И стоило это произнести, как через мгновение меня буквально вдавило в спинку водительского сиденья, а Лукашик что-то испуганно вскрикнул, одновременно хватая полетевшие с колен коробки и упираясь ладонью в панель над бардачком.
– Ден, блядь! Ты совсем!? – повернулся и, шумно выдохнув, спросил. – Ты чего в пол тормозил? Дорога же пустая!
– Кошка… выскочила, – едва шевеля губами ответил Совунчик, посмотрел на меня ошалелыми глазами и, кажется, никак не мог понять, показалось ему или я действительно сказала то, что он услышал.

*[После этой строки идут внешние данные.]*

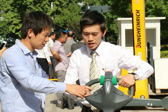 对于永恒力全系列产品在陕西西安的第一次大规模集中展示,当天的与会来宾也展示出了极大的热情,虽然初夏的烈日当空,但大家还是纷纷围在自己感兴趣的永恒力产品周围,看工作人员的操作演示,耐心地倾听产品讲解,也积极地与工作人员进行产品技术及应用方面的交流。除此以外,许多来宾也亲自体验试驾了永恒力的各款明星产品,从大家脸上洋溢的笑容不难看出,永恒力叉车完美的工艺、领先的技术和舒适的操控已经俘获了他们的心。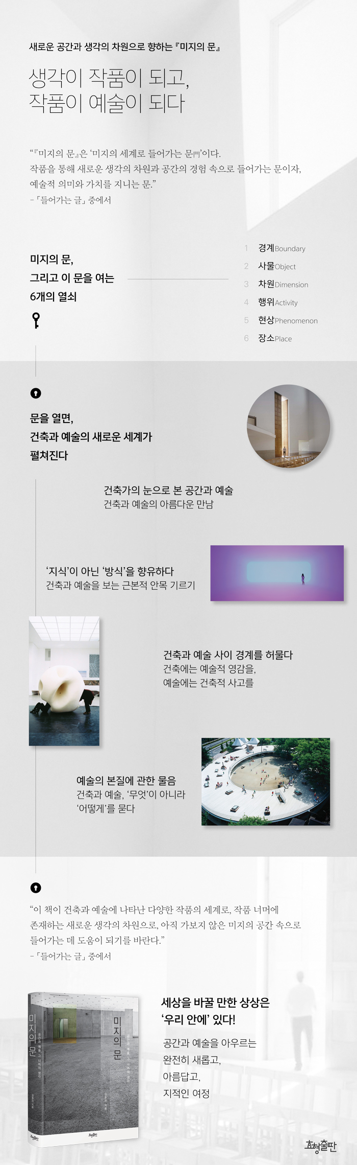 ÀÌ Ã¥¿¡¼´Â ¡®°æ°è¡¯, ¡®»ç¹°¡¯, ¡®Â÷¿ø¡¯, ¡®ÇàÀ§¡¯, ¡®Çö»ó¡¯, ¡®Àå¼Ò¡¯¶ó´Â 6°³ÀÇ Å°¿öµå¸¦ ³»¼¼¿ö ¾î·Æ°Ô¸¸ ´À²¸Áö´Â ÀüÀ§ÀûÀÎ °ÇÃà°ú ¿¹¼ú ÀÛǰÀ» À̾߱âÇÑ´Ù. ÀúÀÚ°¡ °ÇÃà°¡ÀÎ ¸¸Å °¢Á¾ °ÇÃ๰°ú ¼³°è¾ÈÀÌ ÀûÁö ¾ÊÀº ºÎºÐÀ» Â÷ÁöÇÏÁö¸¸ ÀÌ Ã¥Àº ÁÖÀú ¾øÀÌ ºÐ¾ß¸¦ ³Ñ³ªµé¸ç ¼³Ä¡ ¹× °³³ä ¹Ì¼úÀÌ ÁÖ¸¦ ÀÌ·ç´Â Çö´ë ¹Ì¼ú ÀÛǰ, ½ÉÁö¾î öÇаú ¹®ÇÐ, À½¾Ç°ú Àϻ󿡼 ½±°Ô Á¢ÇÒ ¼ö ÀÖ´Â »ç·Ê¿¡¼µµ ¸Å¿ì ´Ù¾çÇÑ ¿¹¸¦ ¼Ò°³ÇÑ´Ù.

– Какая смелая и дерзкая кошка, да? – выделила самой двусмысленной интонацией свое прозвище и выгнула бровь. – Тебе же именно такая нравится?
– Кто? – окончательно оторопел Денис.
– Кошка, – повторила я, улыбаясь. Царапнула его ноготком по шее и фыркнула, едва касаясь губами губ Совунчика, чтобы он не услышал но почувствовал. – Фыр-р-р.
Кажется, нас обоих в этот момент шандарахнуло так, что мы напрочь забыли обо всем на свете. Я прикрыла глаза, фыркнула снова и чуть не растаяла от опалившего мои губы рваного выдоха и вспыхнувшего в глазах Совунчика возбуждения.
– Фыр-р-р, – повторила, ластясь к дрогнувшим губам и с огорчением вздохнула, услышав деликатное покашливание.
– Эм-м-м… Может, я лучше того, а?
– Неа, – ответила я, не разрывая взгляда с Совунчиком. – Просто Совунчик не догадывался, что Кошка может быть такой, да?
– Да, – нервно кивнул Денис и прошипел сквозь стиснутые зубы, когда мои ногти вновь царапнули ему шею, – Бессмертная… гр-р-р!
– Какой же ты злой, Совунчик. Наверное, потому что голодный.
– Оч-ч-чень.
– Я тебя покормлю. Хочешь?
– Кхм-кхм! – снова закашлял Лукашик. – Ден, я все же лучше домой, а то чего-то поздно уже и вы… кхм… устали с работы.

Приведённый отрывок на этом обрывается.